Der bayerische Verwaltungsgerichtshof (BayVGH) hat klargestellt, dass das Schwangerschaftskonfliktgesetz (SchKG) keine pauschale Bannmeile von 100 Metern um Abtreibungseinrichtungen vorschreibt. Einschränkungen von Versammlungen in der Nähe solcher Praxen seien – so die Richter unter Verweis auf die Rechtsprechung des Bundesverfassungsgerichts und des Bundesverwaltungsgerichts – „nur zulässig, wenn es im Einzelfall Anhaltspunkte dafür gibt, dass dadurch ein unzulässiger Druck auf Schwangere ausgeübt wird“, heißt es in einer Pressemitteilung des BayVGH. Mit diesem Hinweis bestätigte das Gericht eine Entscheidung des Verwaltungsgerichts Regensburg und erklärte die von der Stadt verhängten Auflagen gegen monatliche Gebetswachen für rechtswidrig.
Der Antragsteller, ein Verein, der sich gegen Abtreibungen engagiert, hatte im Februar 2025 bei der Stadt Regensburg zehn Versammlungen angezeigt. Geplant waren Kundgebungen jeweils am Monatsende, unter anderem in etwa 30 bis 40 Metern Entfernung vom Eingang eines Ärztezentrums. Die Stadt untersagte im Juli, die Zwischenkundgebung näher als 100 Meter am Ärztezentrum abzuhalten, um sogenannte „Gehsteigbelästigungen“ im Sinne des SchKG zu verhindern.

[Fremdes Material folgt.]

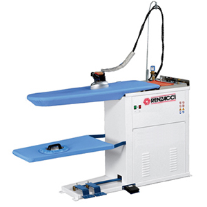 Tábuas de engomar roupa quente e fria, as quais podem ser equipadas com um leque muito rico de opções (braços passa-mangas, pistolas de remoção de manchas, grupos de iluminação, polias para colocar o ferro de engomar, etc.). Também disponíveis tábuas de engomar com altura regulável.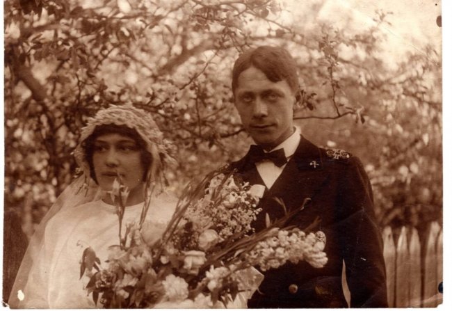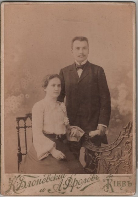 Л. О. Браїловський з нареченою Надією Лаврентієвною Козловською. 25.04.1914 р. Село Будаївка (нині – місто Боярка), Київського повіту.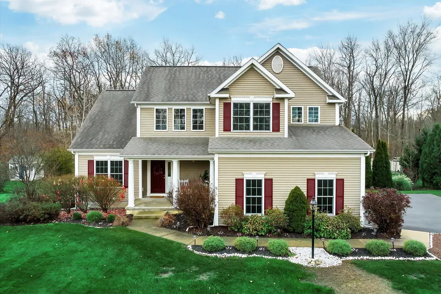 Beautifully crafted by Traditional Builders, this stunning Colonial in the desirable Chapel Hill neighborhood offers an exceptional blend of luxury and functionality. Enter through a grand two-story foyer that opens to an impressive great room with soaring 18-foot ceilings, abundant natural light, and a cozy gas fireplace—ideal for gatherings or quiet relaxation. The first-floor primary suite features a spacious bathroom and walk-in closet, providing convenience and comfort.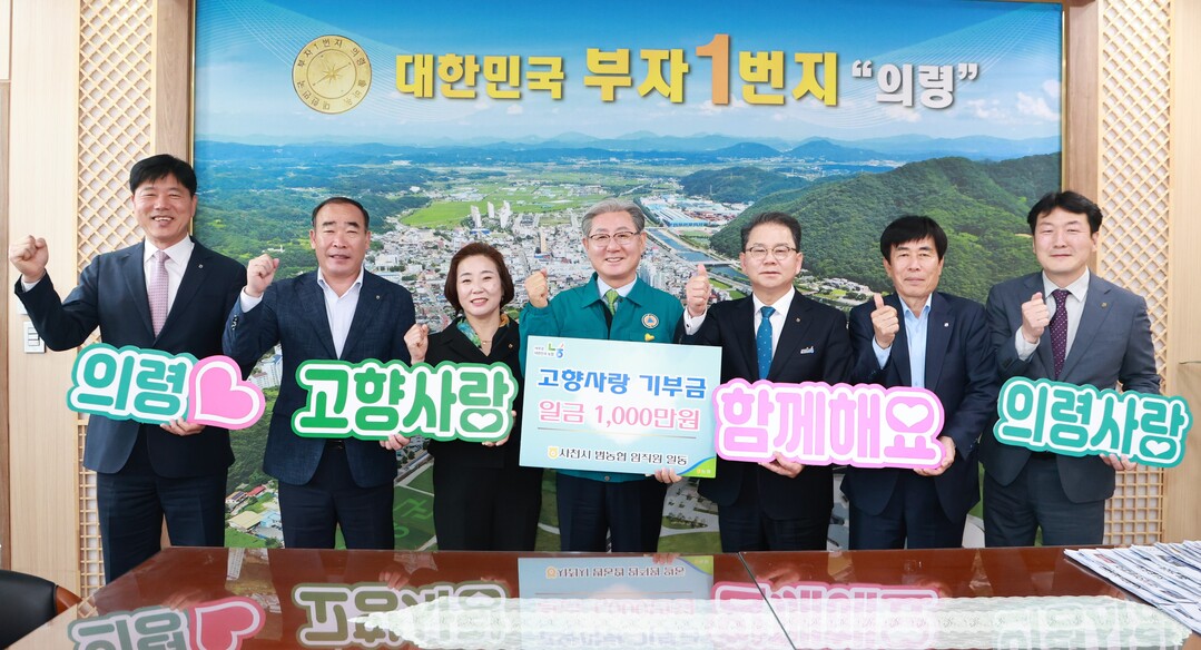 이번 상호기부는 의령군 4개 농협 소속 임직원들과 사천시 8개 농협소속 임직원들의 뜻을 모은 것으로, 두 지역에 각각 고향사랑기부금 1000만원씩을 기탁했다.
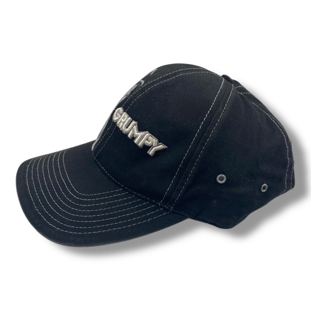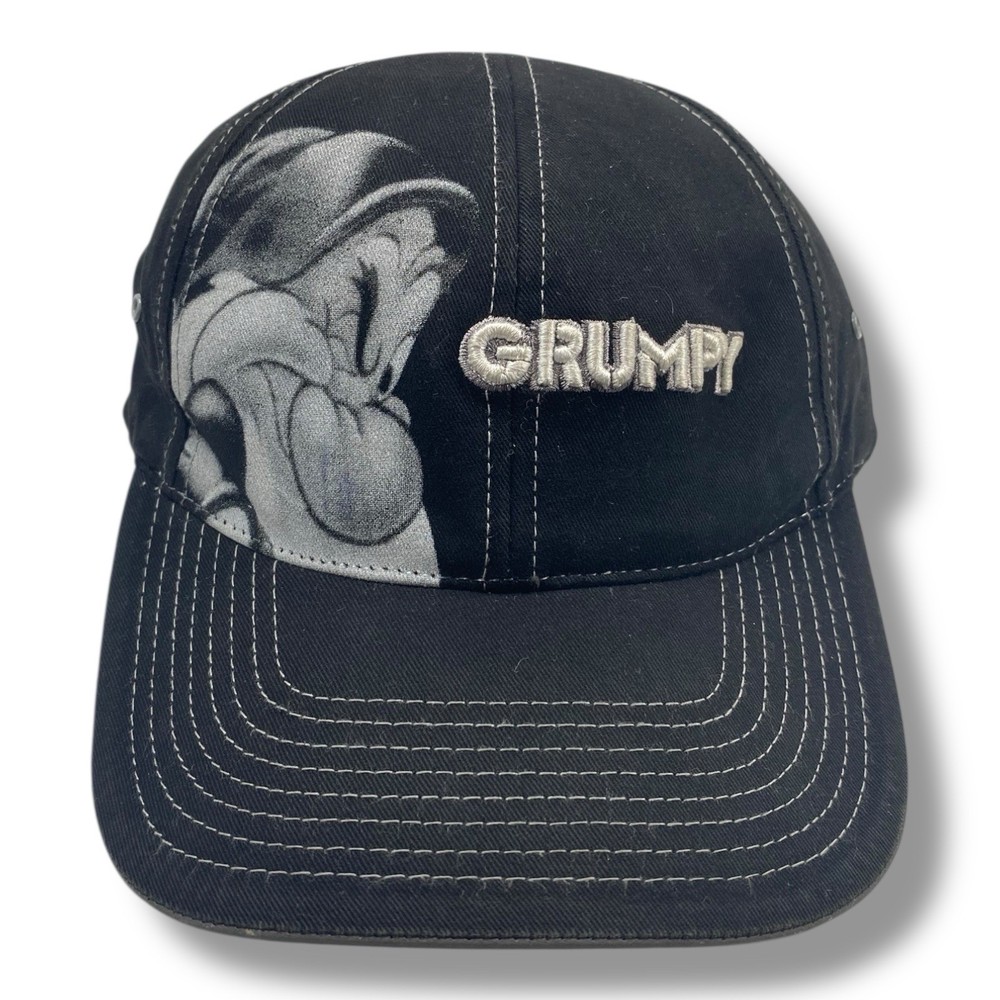 This Vintage Grumpy Hat from Disney World is a black strap-back hat featuring the iconic Grumpy character from Snow White and the Dwarfs. Made from a comfortable cotton blend material, this unisex hat is one size fits most and suitable for adults. With the Walt Disney World brand and a contemporary manufacturing time period, it is a perfect collectible for fans of Disney and Grumpy. Made in Bangladesh, this hat allows you to show off your love for Disney with a touch of vintage flair.

Nach Ansicht der Stadtbehörden übte die Präsenz von Abtreibungsgegnern „erheblichen Druck“ auf Frauen aus, die dort Beratung oder Eingriffe suchten.
Kein unzulässiger Druck auf Schwangere
Das Verwaltungsgericht Regensburg gab einem Eilantrag gegen die Auflage statt. Der BayVGH bestätigte nun diese Entscheidung. „Das Schwangerschaftskonfliktgesetz schreibt um Abtreibungskliniken keine Bannmeile vor, in der abtreibungskritische Meinungsäußerungen generell verboten sind“, so das Gericht. In dem Fall sei nicht erkennbar, dass durch die Versammlung ein unzulässiger Druck auf Schwangere ausgeübt werde: Die Gebete hätten auf der gegenüberliegenden Straßenseite stattgefunden, ohne dass Passanten angesprochen worden seien. Nach Angaben der Polizei sei bei der Kundgebung im März 2025 lediglich leise gebetet worden; am Haupteingang habe man davon kaum etwas wahrgenommen.

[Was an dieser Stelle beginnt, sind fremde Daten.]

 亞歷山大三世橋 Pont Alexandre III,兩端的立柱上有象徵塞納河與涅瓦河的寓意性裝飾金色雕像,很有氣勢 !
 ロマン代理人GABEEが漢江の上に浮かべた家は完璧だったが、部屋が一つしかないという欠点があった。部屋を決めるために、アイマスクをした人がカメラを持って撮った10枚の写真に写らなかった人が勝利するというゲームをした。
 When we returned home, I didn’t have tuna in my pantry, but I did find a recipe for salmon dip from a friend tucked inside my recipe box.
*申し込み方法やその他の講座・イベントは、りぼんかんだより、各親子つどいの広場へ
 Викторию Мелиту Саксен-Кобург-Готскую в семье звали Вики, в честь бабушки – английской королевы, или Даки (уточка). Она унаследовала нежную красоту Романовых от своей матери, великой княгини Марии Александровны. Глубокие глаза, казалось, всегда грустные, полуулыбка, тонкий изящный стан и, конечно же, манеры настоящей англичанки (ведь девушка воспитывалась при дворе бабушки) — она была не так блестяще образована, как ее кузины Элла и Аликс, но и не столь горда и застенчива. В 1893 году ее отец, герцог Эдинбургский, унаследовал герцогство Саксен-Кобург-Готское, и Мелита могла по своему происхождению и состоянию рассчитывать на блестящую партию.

Wolfgang Hering, Vorsitzender der „Helfer Deutschland e.V.“, die bundesweit Gebetswachen organisiert, begrüßte laut der christlichen Menschenrechtsorganisation „ADF International“ die Entscheidung: „Damit wurde mehr als nur eine Gebetswache gerettet, sondern auch Babys, deren Mütter – wir haben das in 26 Jahren sehr oft erlebt – auf den letzten Metern zur Abtreibungsklinik das andächtige Gebet als eine Ermutigung empfinden.“
ADF International unterstützt die Kläger rechtlich. Deutschlanddirektor Felix Böllmann betonte: „Belästigung von Menschen in schwierigen Situationen ist selbstverständlich falsch und auch nach geltender Rechtslage verboten. Unterstützung und Solidarität für Menschen in herausfordernden Situationen zu zeigen, ist hingegen rechtlich nicht zu beanstanden.“ Zudem kritisierte er „unerlaubte politische Einflussnahme“ auf Entscheidungen der Stadtverwaltung und sprach von einem „Wunschgesetz der Abtreibungslobby“.
Warnung vor Einschränkung bei Versammlungs- und Meinungsfreiheit
Hintergrund ist die Reform des SchKG, die am 13. November 2024 in Kraft trat. Sie soll Schwangere vor „Gehsteigbelästigungen“ schützen und sanktioniert „belästigendes Verhalten“ sowie Äußerungen, die „Furcht, Ekel, Scham oder Schuldgefühle“ hervorrufen könnten, im Umkreis von 100 Metern um Abtreibungseinrichtungen. Verstöße gelten als Ordnungswidrigkeit und können mit bis zu 5.000 Euro Bußgeld geahndet werden. Kritiker bemängeln die unklare Formulierung und warnen vor einer Aushöhlung der Versammlungs- und Meinungsfreiheit.
Das Hauptsacheverfahren ist bereits anhängig. Nach Einschätzung von ADF International dürfte auch dort die Freiheit friedlicher Gebetswachen bestätigt werden. Der BayVGH-Beschluss ist unanfechtbar.